So this weekend being my last on Reunion Island, Mafate was a must. Although we got a late start, by the time we started the steep climb down, we wandered across our first novelty: a hand painted sign, saying “Art de Mafate: expo” with an arrow indicating a path. Of course my fellow adventurer Carrie agreed that we should see what “art expo” meant, already 3 hours into our hike. We were surprised when we came across a lovely gated garden, and a kind looking man opened the gate to invite us in. Admittedly instinct told me this probably wasn’t a great idea to wander into a stranger’s house in the middle of nowhere, but in the end we were shown his interesting stone sculptures, and offered bananas and tea. I asked him if he had received many visitors, and he shook his head. “A few come, but not very often. I just started selling my art however.” I asked him about his life, how long he had lived there. He was pleased to show us around his lovely garden, with an amazing rose bush, and explained that he had been living alone there for about 8 years. We left sooner than I had wanted to, but we had to find our fellow traveler Ben before he started thinking we had been attacked by a man with a machete somewhere in the wilds of Mafate.

Every day we passed more and more villages, which were simple “creole case” style houses, with tin roofs, and separate buildings for each part of the house: the kitchen, bedroom, bathroom. We also ran into the occasional bar or café, and even saw signs for a boulangerie. Of course there were “gites,” or cabins everywhere, for visitors to stay in comfort. But we took our tent anyway, which gave us the fortunate possibility of camping anywhere along the way, including on a ridge in the middle of the trail one night. As we walked along, I couldn’t help but rest in awe at the isolation of the place. It took us over two days to cross the valley, and every time we ran into a tiny village, we couldn’t help but notice gates, dogs, and friendly, but less friendly than your average Reunionnais people. People seemed to enjoy gardening here, and along the way it was easy to pick out somewhat wild fields of corn and green beans, along with the splendors of wild Reunion, such as the chou chou plant, guava fruits, and the “goyavier,” a small red and tart fruit that grow in the forest. We ran into chickens and goats, even next to the school house, which seemed even more absurd.

It’s hard to imagine how different life must be there. Whenever the people need anything in town, they either have to walk, or wait for a shipment of goods by helicopter. Normally, they just walk, walk and walk.
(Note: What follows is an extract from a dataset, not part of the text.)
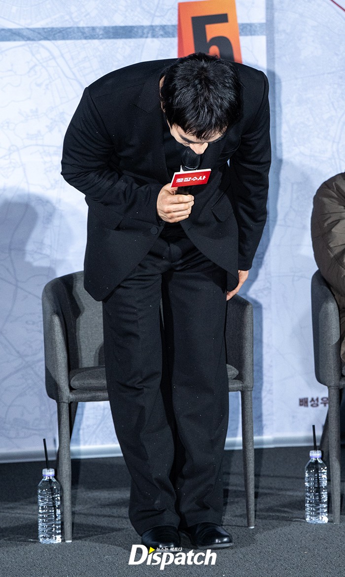 배성우는 차분한 블랙 수트를 입고 참석했다. 물의를 일으켰던 부분에 대한 사과를 먼저 하고 기자회견을 시작했다.

One guy we ran into was listening calmly to his MP3 player as he literally sprinted down a steep hill, disappearing from view in less than a minute. We had a hard time understanding this, as our knees gave way to each down hill step, and we panted along the uphill bits, walking for hours and hours. In the end we made it to Salazie, the rainiest place on the island, on the East end, and managed to hitch a ride part of the way home.

By the time we got back to St Gilles, we seemed worlds apart from where we had been just hours before. All I could think of was that somehow my students are able to bridge between these two worlds for at least six years of their lives, perhaps choosing to remain in the “bains” of the island forever. The last night, as we slept along the trail, choosing the best place we could find to camp, I could see far off in the distance La Possession. As the lights glittered in the wind and fog, I couldn’t help but laugh at how odd it was to realize I was seeing an inverted view of what I normally see from work. Looking from Mafate to my world below.

Friday, April 23, 2010

Getting to the top


3,074 meters doesn't seem that far (over 9,000 feet) to climb...until you're halfway there, and your legs are already sore....But we were determined to make it to the top of the tallest peak in the Indian Ocean (so they say), so we packed our gear and trudged up the fastest, but steepest route to the "gite," or cabin, halfway up to "Piton des Neiges" (french for Snowy Peak). Everyone we met there seemed in good spirits, drinking hot tea and playing cards.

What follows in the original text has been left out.